クルーガー国立公園E

 

<子象を間に挟んで道路をわたる象の群>
 クルーガー国立公園に入った最初の頃は見ることが出来なかった象に、昼近くになると何度か見ることができました。陸上最大のほ乳動物と言われるだけあって、その身体は本当に大きい。その姿は堂々としています。

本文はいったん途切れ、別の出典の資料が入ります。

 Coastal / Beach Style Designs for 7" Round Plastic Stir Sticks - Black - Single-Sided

 川の水を飲む時間だったようです。十数頭が群れをなして行動しているようで、大きな象の間に子象の姿が見られる。人間の子どもがそうであるように、子象もかわいらしい。愛くるしいと言ってもよい感情を見ている人にかき立てます。子象を見て「かわいい」と発している女性たちの言葉がそれをよく表している。
 道路をわたる時、大きな母象が頭を大きく動かして左右を眺め、安全を確かめる。安全を確認してから、ぞろぞろを象たちが道路をわたる。子象を親象の間に挟みながら。親象たちが子象を守りながらわたるその風景は、家族の強い絆を見せつけられた気がしました。ふと、象の世界では、子いじななどはないのではないかという思いが頭をかすめました。

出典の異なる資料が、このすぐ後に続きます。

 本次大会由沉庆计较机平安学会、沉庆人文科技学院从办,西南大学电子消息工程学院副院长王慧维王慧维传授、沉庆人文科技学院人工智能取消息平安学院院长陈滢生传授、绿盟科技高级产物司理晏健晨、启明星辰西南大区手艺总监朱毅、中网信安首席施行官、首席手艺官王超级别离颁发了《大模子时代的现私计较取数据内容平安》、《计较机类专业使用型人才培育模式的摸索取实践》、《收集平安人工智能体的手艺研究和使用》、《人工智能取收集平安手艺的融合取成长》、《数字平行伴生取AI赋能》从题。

 道路をわたり切った後、象の群を振り返ったところ、最後尾にいた大きな象が、道路際に尿と糞をしてから、悠然と灌木のなかに消えていきました。これも、縄張りを示すマーキングではないかと思いました。
 “THE ROUGH GUIDE TO South Africa Lesotho & Swaziland”の、最初のカラー写真のアフリカ象の説明では、象の糞について、“football-sized”と表現してます。実にうまい表現だと関心してしまいます。ついでに、全文を紹介しておきます。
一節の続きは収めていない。